For the quarter, JetBlue reported earnings of USD 0.59 per share on revenue of USD 2.08 Billion. FactSet analysts anticipated earnings of USD 0.51 per share on revenue of USD 2.00 Billion.
Third quarter revenue per available seat mile (RASM) declined by 0.9% year-over-year. The decline is slightly better than the mid-point of JetBlue’s updated guidance range decline of 2.0% to flat.
Operating expenses per available seat mile, excluding fuel increased by 0.3%, which surpassed JetBlue’s expectations of its initial guidance of 0.5% to 2.5%.
Capacity during the quarter rose by 4.8% year-over-year, which met JetBlue’s higher end of its guidance between 3% to 5%. The Company highlighted that higher capacity was driven by solid improvement in its completion factor. JetBlue noted that its operational initiatives more than offset the impact of Hurricane Dorian and runaway constructions in Fort Lauderdale and JFK.
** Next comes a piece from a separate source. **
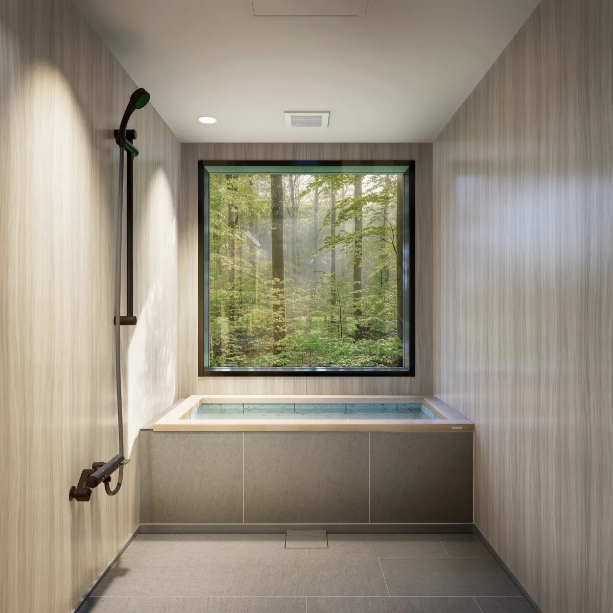木の温もりと石の重厚感が相まって、家庭の浴室でも高級旅館と同じような穏やかな雰囲気を演出。こうしたデザイン思想は、忙しい日常の中でもリラックスしたいというニーズに応えるものであり、まさに現代人のライフスタイルに寄り添った商品だ。

JetBlue’s President and Chief Operating Officer Joanna Geraghty said that the Company’s Latin and Caribbean franchise was impacted by disruptions in multiple markets. Geraghty noted that challenges ramped up throughout the summer, however, JetBlue quickly took action and reployed capacity to manage the demand in impacted markets.
“I want to thank all the teams at JetBlue for executing our plan to create long-term value for our customers and owners. We are gaining traction on all of the strategic ‘Building Blocks’ we laid out in our last Investor Day,” said Robin Hayes, JetBlue’s Chief Executive Officer.
“We are just beginning to see the benefits of our revenue, cost, fleet and capital allocation efforts, with additional opportunities ahead of us. Despite some near-term pressures on revenue in our international markets and NEO delays, we believe we are on track to deliver on our goal of $2.50 to 3.00 dollars EPS in 2020,” added Hayes.
For the fourth quarter, JetBlue is forecasting capacity increase between 4.5% to 6.5% year-over-year. RASM is projected to be in the range of a 3.5% decline or increase by 1% year-over-year, while CASM is expected to either decline by 1% or increase by 1%.
JetBlue’s RASM guidance is due to steady demand in domestic markets, led by transcon and business travels. The Company mentioned that it expects a broad decelerating domestic yield environment for JetBlue as well the industry. Meanwhile, the Company expects international market challenges to continue into the fourth quarter.